Being a Success Partner at Work: Interview with Minda Harts

By Kali Shulklapper

In her bestselling book The Memo: What Women of Color Need to Know to Secure a Seat at the Table, Minda Harts explores her experiences in a white-dominated workplace. She speaks with Chief about the challenges women of color face, and what effective allyship looks like.

Q. How does intersectionality manifest for women of color, and create barriers to success?

Minda Harts: When we talk about feminism or women's rights, we like to use a one-size-fits-all approach. For example, the fact is that not all women got the right to vote at the same time. There are always career and business books that imply women all experience the workplace in the same way. The reality is we don't. As women, there are hierarchies of oppression. The closer you are to the top, the more opportunities you get. But if you look at women of color or Black women, we tend to fall on the lower end of the scale.

Sometimes the language white men and women use can be well-intended, when they say things like “I don't see color.” That saying has become a way for you to signal to me that you're one of the good ones. But that really makes our skin crawl. Because it’s a dangerous slope when we don’t see each other for who we are. I need you to understand that our experiences in the United States are not the same, even though we are all women. Before we can talk about solutions, you have to see me and acknowledge me. It’s about tapping into emotional intelligence, and thinking “Maybe I haven’t seen color for so long, and that’s created some kind of unconscious bias. Maybe I haven’t fully seen the experience of someone in my office.” The only way we’re going to move the needle forward for all women in the workplace is by understanding our biases and humanizing each other.
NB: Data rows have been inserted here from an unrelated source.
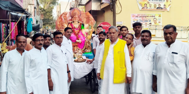बिल्सी। मोहल्ला संख्या पांच स्थित सिद्धपीठ श्री बालाजी धाम की ओर से नवरात्र से पूर्व रविवार को नगर के मुख्य बाजार में मां दुर्गा की प्रतिमा के साथ शोभायात्रा निकाली गई। जिसका नगर के व्यापारियों ने जगह-जगह स्वागत किया। बालाजी धाम पर सबसे पहले विभिन्न अनुष्ठान संपन्न कराए गए। उसके बाद नगर के थाना मोड़ से माता रानी की शोभायात्रा को शुरु किया गया। जो नगर के जैन मार्केट, पालिका बाजार, कटरा बाजार, अटल चौक, सर्राफा बाजार, बाजाली चौक होते हुए बालाजी धाम पर पंहुची। जिसके बाद मां दुर्गा की प्रतिमा को धूमधाम से स्थापित किया। नवरात्र के दौरान दरबार में विभिन्न धार्मिक कार्यक्रम संपन्न कराए जाएगें। नवरात्र के समापन के बाद उक्त प्रतिमा का कछला घाट पर जाकर विसर्जन किया जाएगा। इस मौके पर महंत मटरूमल शर्मा महाराज, मुकेश गुप्ता, दीपक माहेश्वरी, राहुल कुमार, संदीप माहेश्वरी, नीरज कुमार, पुष्कीन माहेश्वरी, ओजित शर्मा, रंजन माहेश्वरी, जितेंद्र कुमार, राजेश कुमार आदि मौजूद रहे।
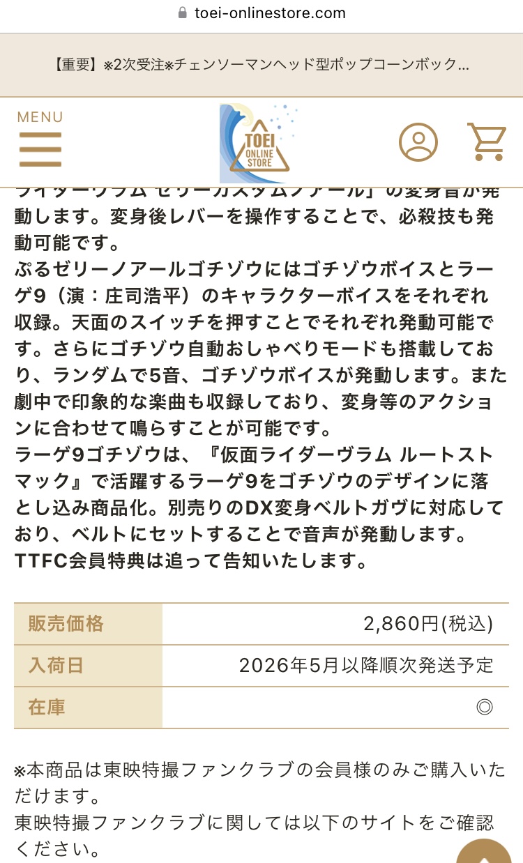 | … | 144無念Nameとしあき26/01/21(水)12:45:31No.1381676017+>俺もノワールまだ大丈夫だと思ってたから焦った、東映オンラインで予約完了だわ |
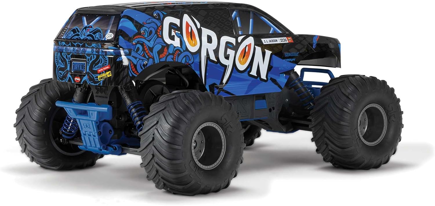 FeaturesARRMA amplified bashing at its most affordable priceFactory-built and ready-to-run — just add a battery and chargerFast and tough, with attention-grabbing styleDurable, brushless ready drive lineHigh-quality, LiPo-compatible Spektrum electronicsFull ball bearings — no plastic or metal bushingsHidden body mounting to preserve the awesome looksBottom-loading battery tray for easy battery changesSpektrum S660 waterproof digital steering servoSpektrum waterproof SLT 2-in-1 ESC/receiver unitSpektrum SLT2 2-channel 2.4GHz transmitter2-Year limited warranty (see website support for details)OverviewThe 1/10 scale GORGON™ MT is a low-cost monster truck that has everything you expect from an ARRMA® RC — unstoppable toughness, amped-up attitude, and performance capabilities that seem to have no end. This fully assembled, ready-to-run version adds one more advantage that any basher with experience will appreciate: The battery and charger choices are left up to you. Complete your GORGON MT with any compatible battery type and capacity with IC3/EC3 connectors that you prefer. Make it an even more affordable addition to your RC fleet by using a battery and charger you already own!However you complete it, the GORGON MT is designed to make you the center of attention wherever you bash. Straight out of the box, its strikingly original looks draw a crowd. The body comes factory-finished in blue, with color-coordinated shock springs, battery tray, skid plates, and front and rear bumpers that resist impacts and help protect those "fang-tastic" graphics. Go ahead and send it over punishing tracks. Proven ARRMA engineering gives the composite chassis bash-it-all durability
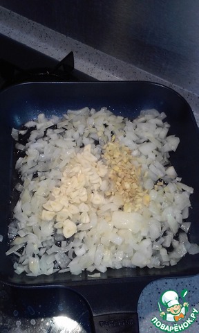Выкладываем лук в сковороду, перемешиваем и жарим. Затем добавляем в сковороду с луком чеснок и имбирь. Перемешиваем и жарим, пока они не станут мягкими.
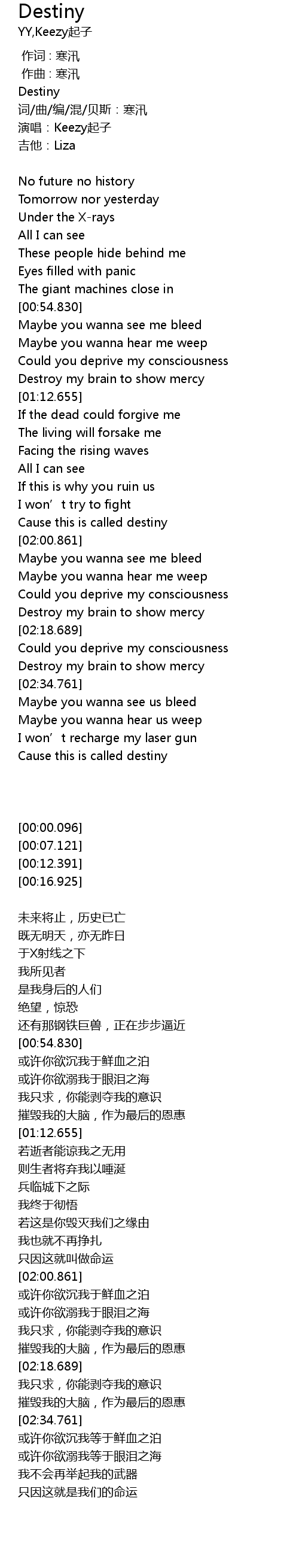 | [00:12.391] | yǎn chàng: Keezy qǐ zǐ |

Q. In your book, you talk about being a “success partner” when it comes to effective workplace allyship. Can you expand on what this means?

MH: Racism doesn't just kill people. It kills careers too. In the rooms where I was being micro and macro-aggressed, my colleagues and friends would never step up for me. They always leaned into their caution, never into their courage. I hear people say, “I'm an ally.” But what are you going to do to be an ally when it counts? The truth is we have not seen active allyship in the way that we need it. Success is not a solo sport. It takes people investing in you. Because I was the only person of color in the environments I worked in, success required white men and women using their privilege to bring me along with them. Every one of us has a sphere of influence, and to be a success partner, you have to figure out how to use it, even if it’s uncomfortable.

To make the workplace more equitable and create a system in which racism isn’t tolerated, we need more people to stand up. So next time that you’re in a meeting and there’s an awkward silence — you can use the chat to say, “Hey, Bob, Minda was actually talking. I'd love to hear her finish her thought.” If you don't say anything, then you may as well have said the inappropriate thing. If senior leadership only hears from Black people about the Black issues, they're going to dismiss them. But if they hear from white men and women, and Asian men and women, and Native Americans, then it becomes a humanity issue — not just a Black Lives Matter problem. It becomes not just a moment, but a movement. That's how we shift culture.

Q. How can we apply this success partner framework to drive change across entire organizations?

MH: For so long, race has been a scary topic of conversation. As Black people and people of color, we've been waiting to finally have this conversation with our counterparts. We were told “don’t play the race card. Don’t say anything.” And now companies are saying. “Tell us about this experience.” It feels like a breath of fresh air. The first step is listening to Black employees, and creating a seat at the table for voices you don’t typically hear. Sometimes, listening to the people of color means asking yourself and asking them, “What have I done that could have stunted your growth?” You need to be willing to hear the responses so you don’t continue causing harm. After listening, you have to invest in their career by providing opportunities and advocating for them. We talk a lot about hiring for diversity, but the focus should be on accelerating the careers of the people who are already there, and getting them into the C-suite.

Lastly, we need to lean into our courage and hold our leadership teams accountable. Because trauma is trauma, and racialized trauma has been pushed under the rug. It’s going to require a lot of success partners finally stepping up, because otherwise, we're going to have this conversation 10 years from now. My grandmother and I cried the same workplace tears. And I don't want the next generation to cry them too. I learned to settle into microaggressions and bias because I thought that was just part of work. But we all deserve the opportunity to thrive in the workplace.